Descansaba recargando mi espalda en el grueso tronco de una añosa palmera, entre dormido y despierto, sentí cómo la brisa de aquella tarde que no era como cualquiera, motivaba a sus  verdes hojas palmeadas, a moverse en las alturas con el aire, para emitir el sonido de un roce, semejante a unas manos que aplaudieran y así llamar mi atención y mirara a las alturas, para presenciar el prodigio de la hermosa transformación, de pasar, de una vida a la otra, esto, sin perder la idea de que la hoja que parecía muerta, estaba llena de vida; y aquel sublime ruido convertido en aplauso, despertó mi curiosidad entera, hasta llegar a la conclusión que lo mismo estimula a los sentidos, el ver una hoja de palma en las alturas, que verla tirada en el suelo, esta última, como si hubiese sido de su matriz arrancada, una vez que el tiempo le arrebatara el vigor de sus mejores días; más, al cerrar los ojos, poco antes entreabiertos, pude imaginar, que la misma hoja caída, regresaba al sito de su vital nacimiento, para cumplir con un nuevo ciclo de vida que le esperaba.

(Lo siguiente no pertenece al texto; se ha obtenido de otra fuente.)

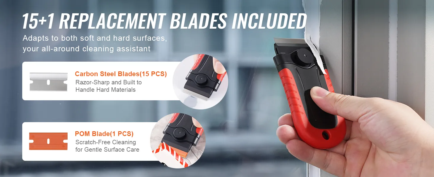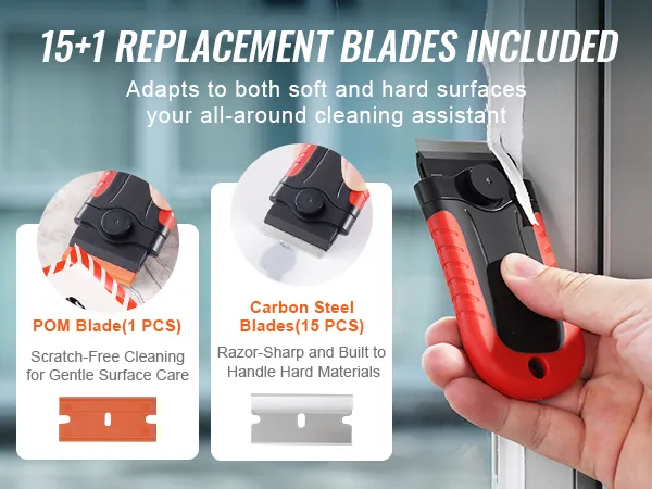 15+1 mesvervanging: onze scheermesschraper wordt geleverd met 15 koolstofstalen messen en 1 POM-mes, ideaal voor het verwijderen van hardnekkige vuilvlekken van harde oppervlakken. Het vervangende plastic mes is ideaal voor het krasvrij verwijderen van zelfklevende etiketten van harde en zachte oppervlakken.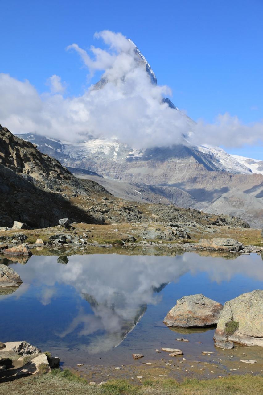 逆さマッターホルンはいいのですが、あっという間に雲が増えていっています

Creer sólo por creer, no aporta nada, creer por tener la certeza de que existe un Dios vivo Todopoderoso, que nadie ve, pero lo siente y lo presiente, hace que el ser creyente, tenga la firme confianza en que la vida no termina cuando el hombre exhala el último hálito de vida, pues el cuerpo, resulta ser un vehículo que le permite poner en buen resguardo al espíritu, mismo que requiere un proceso de maduración salvífica para regresar al que le animó aquel recipiente, con su aliento de vida.

Creyentes o no, todos tenemos un origen común, todos hemos sido dotados con una energía vital, que requiere cuidados especiales y se alimenta de amor por sí mismo y por el prójimo, siguiendo las enseñanzas espirituales de Cristo Resucitado.